(Records from a data source)

········

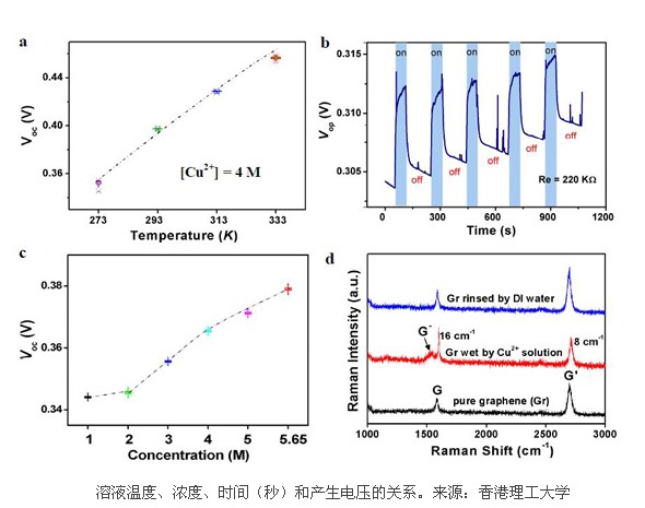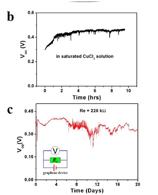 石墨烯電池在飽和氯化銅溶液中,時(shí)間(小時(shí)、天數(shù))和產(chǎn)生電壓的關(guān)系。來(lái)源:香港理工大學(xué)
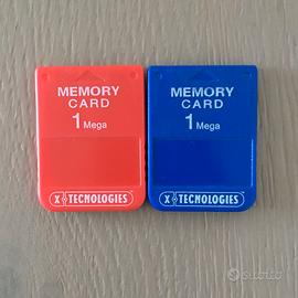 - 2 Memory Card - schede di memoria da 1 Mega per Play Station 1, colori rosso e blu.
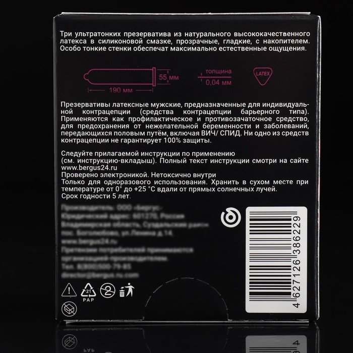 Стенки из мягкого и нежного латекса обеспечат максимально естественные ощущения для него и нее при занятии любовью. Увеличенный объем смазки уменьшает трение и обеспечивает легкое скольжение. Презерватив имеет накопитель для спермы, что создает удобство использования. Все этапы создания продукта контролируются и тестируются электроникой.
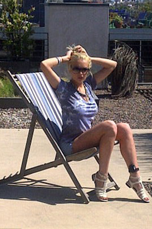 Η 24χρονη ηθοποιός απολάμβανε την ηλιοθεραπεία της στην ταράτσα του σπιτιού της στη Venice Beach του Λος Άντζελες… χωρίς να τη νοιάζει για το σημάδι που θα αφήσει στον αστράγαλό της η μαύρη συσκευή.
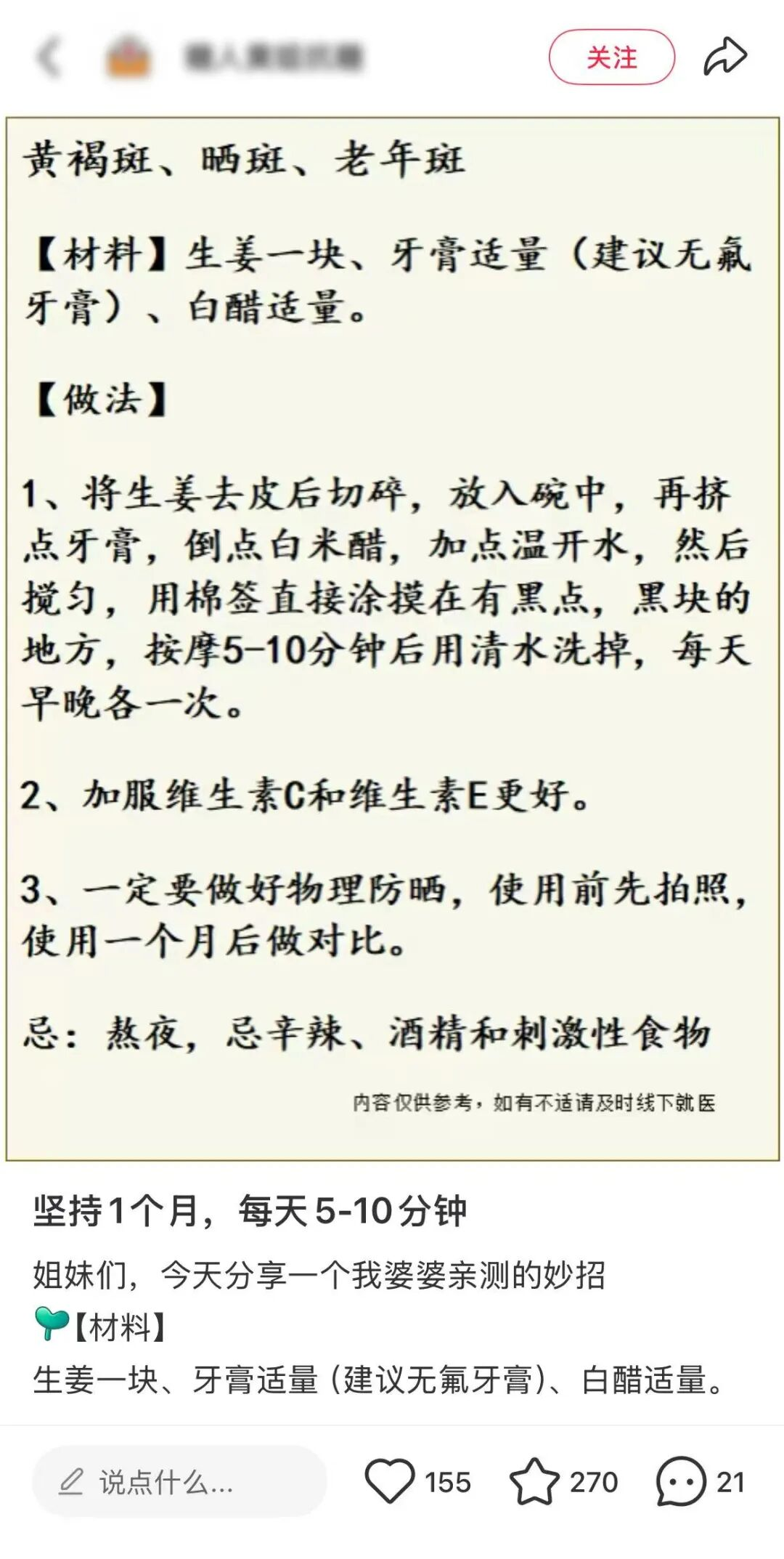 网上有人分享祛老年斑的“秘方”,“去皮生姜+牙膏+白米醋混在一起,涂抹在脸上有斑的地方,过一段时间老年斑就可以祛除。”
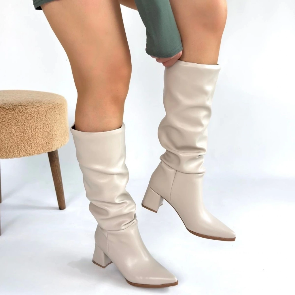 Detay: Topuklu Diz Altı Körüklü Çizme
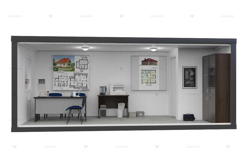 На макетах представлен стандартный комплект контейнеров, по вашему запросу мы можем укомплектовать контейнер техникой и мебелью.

········

▶ [WHAT TO PRODUCE] Could you transcribe exactly the lines from the one with "Η 24χρονη ηθοποιός" through the end of the data, both ends included, and nothing else, skipping the pictures?

▶ [SOLVED PROBLEM]
 Η 24χρονη ηθοποιός απολάμβανε την ηλιοθεραπεία της στην ταράτσα του σπιτιού της στη Venice Beach του Λος Άντζελες… χωρίς να τη νοιάζει για το σημάδι που θα αφήσει στον αστράγαλό της η μαύρη συσκευή.
 网上有人分享祛老年斑的“秘方”,“去皮生姜+牙膏+白米醋混在一起,涂抹在脸上有斑的地方,过一段时间老年斑就可以祛除。”
 Detay: Topuklu Diz Altı Körüklü Çizme
 На макетах представлен стандартный комплект контейнеров, по вашему запросу мы можем укомплектовать контейнер техникой и мебелью.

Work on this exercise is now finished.